US Adult Census data relating income to social factors such as Age, Education, race etc.
The Us Adult income dataset was extracted by Barry Becker from the 1994 US Census Database. The data set consists of anonymous information such as occupation, age, native country, race, capital gain, capital loss, education, work class and more. Each row is labelled as either having a salary greater than ">50K" or "<=50K".
This Data set is split into two CSV files, named adult-training.txt and adult-test.txt.
The goal here is to train a binary classifier on the training dataset to predict the column income_bracket which has two possible values ">50K" and "<=50K" and evaluate the accuracy of the classifier with the test dataset.

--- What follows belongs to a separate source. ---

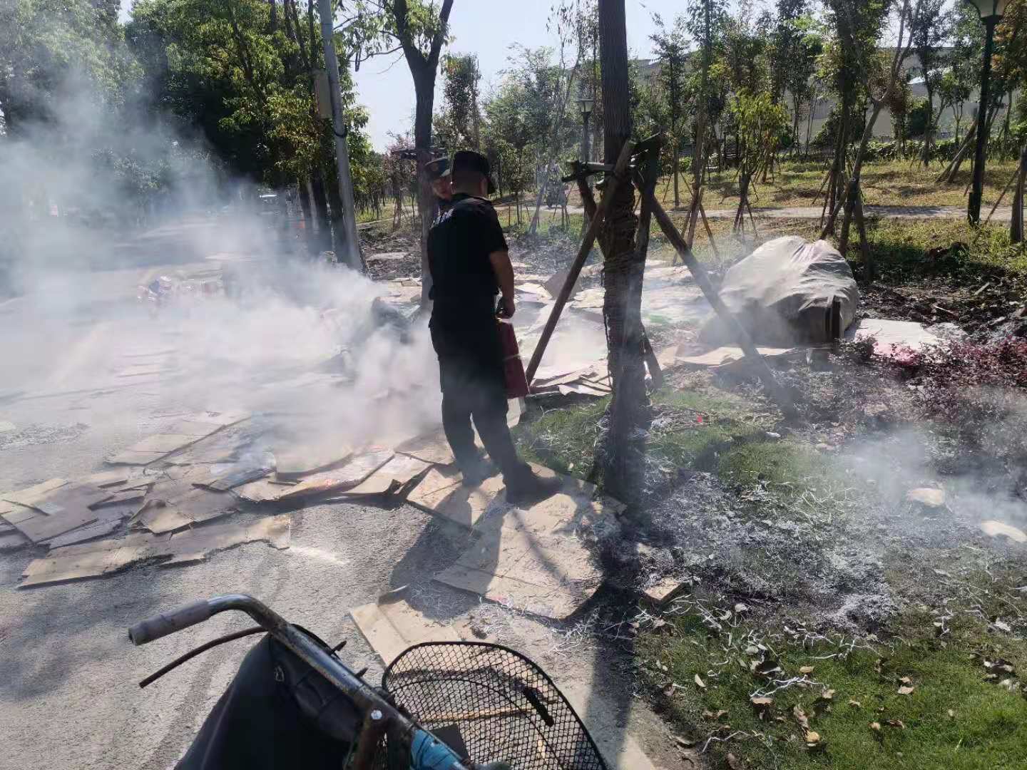 骑三轮车的师傅一再向队员表示感谢,并为自己拉着纸盒还吸烟、差点酿成大祸而自责。同时,队员也提醒三轮车师傅,废纸品特别容易起火燃烧,一定要有防火意识,避免意外的发生。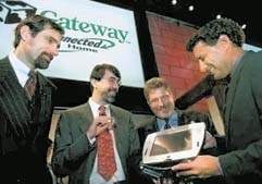 | Генри Николас, президент Broadcom, Дэвид Дитцел, генеральный директор Transmeta, Барри Шулер, президент AOL Interactive Services, и Джефф Вейцен, президент Gateway, с Web-приставкой на базе процессора Crusoe, разработанной компаниями AOL и Gateway |

Note that the dataset is made up of categorical and continuous features. It also contains missing values The categorical columns are: workclass, education, marital_status, occupation, relationship, race, gender, native_country
The continuous columns are: age, education_num, capital_gain, capital_loss, hours_per_week
This Dataset was obtained from the UCI repository, it can be found on
https://archive.ics.uci.edu/ml/datasets/census+income, http://mlr.cs.umass.edu/ml/machine-learning-databases/adult/
USAGE This dataset is well suited to developing and testing wide linear classifiers, deep neutral network classifiers and a combination of both. For more info on Combined Deep and Wide Model classifiers, refer to the Research Paper by Google https://arxiv.org/abs/1606.07792
39: age
State-gov: workclass
77516: fnlwgt
Bachelors: education
13: education_num
Never-married: marital_status
Adm-clerical: occupation
Not-in-family: relationship
White: race
Male: gender
2174: capital_gain
0: capital_loss
40: hours_per_week
United-States: native_country
<=50K: income_bracket